4.  Ambiguities in the HTTP and WebDAV Specifications

4.1.  Confusion over the meaning of the Etag returned in a PUT response

   It is currently unclear as to which entity is identified by an Etag
   returned in the response to a PUT.

   The HTTP specification [RFC2616] states (Section 10.2.2):

      "A 201 response MAY contain an ETag response header field
      indicating the current value of the entity tag for the requested
      variant just created, see section 14.19."

   Hence, for situations where a new resource is created, the meaning of
   Etag is clear.

   The HTTP specification also states (Section 14.19):

      "The ETag response-header field provides the current value of the
      entity tag for the requested variant."

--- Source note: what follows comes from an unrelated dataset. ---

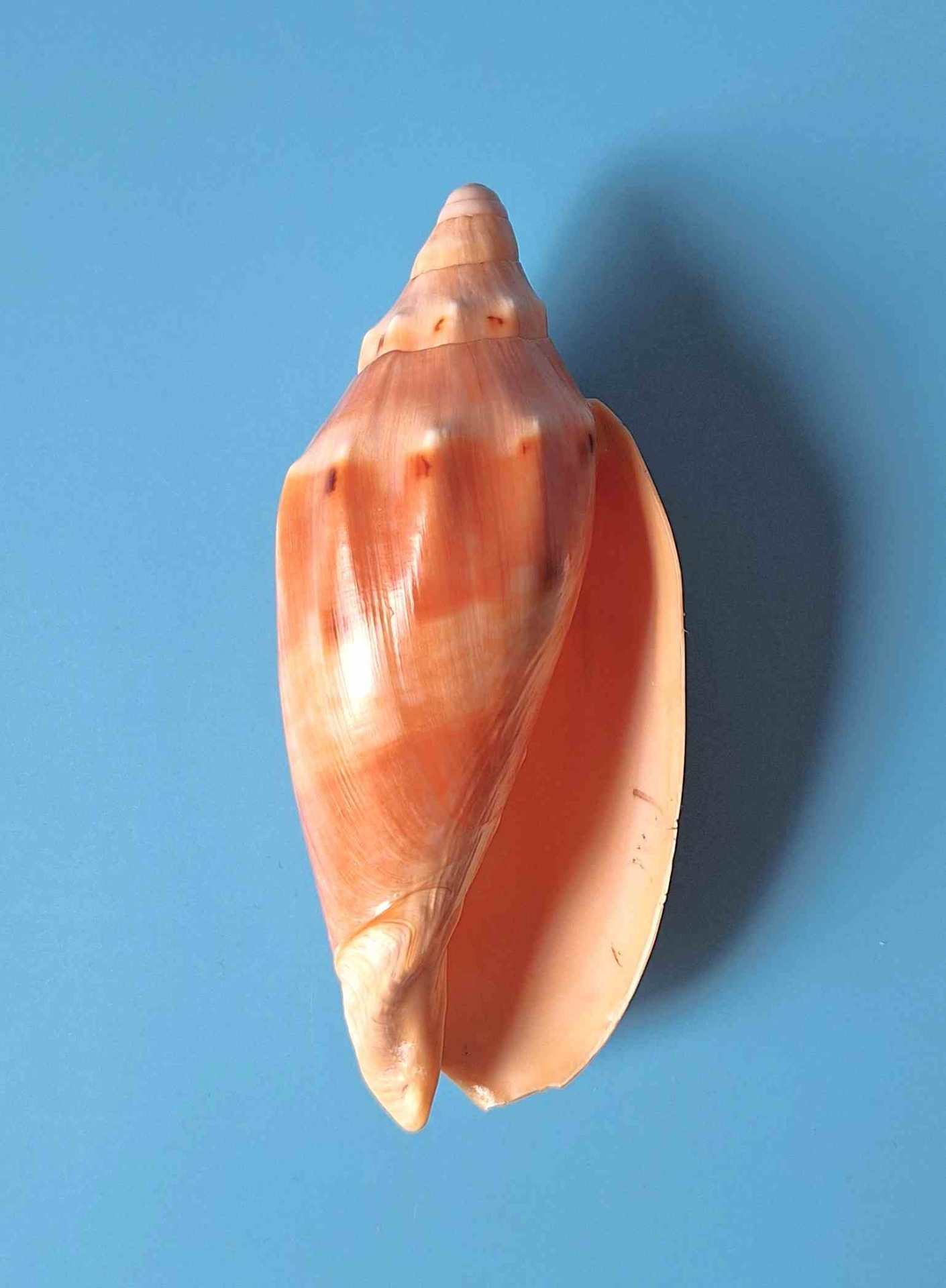 • velký barevný exemplář, pěkný vzor, jizva na jednom boku, poškození na konci okraje (big colored specimen, nice pattern, scar on one side, damaged on end of lip)

   Since the other success responses for a PUT request (200 and 204)
   provide no specification for the meaning of Etag, a strict reading of
   the specification is ambiguous, since there is no "requested variant"
   here.  Presumably the 201 Etag semantics are intended for 200 and 204
   responses to PUT, though this is not explicitly stated in the HTTP
   specification.

   Another possible interpretation is that the server should return the
   Etag of the entity just submitted by the client in the PUT request.
   In the section below, we describe an ambiguity where the Etag
   returned may be expected to vary depending on the amount of
   processing the server performs on the submitted entity.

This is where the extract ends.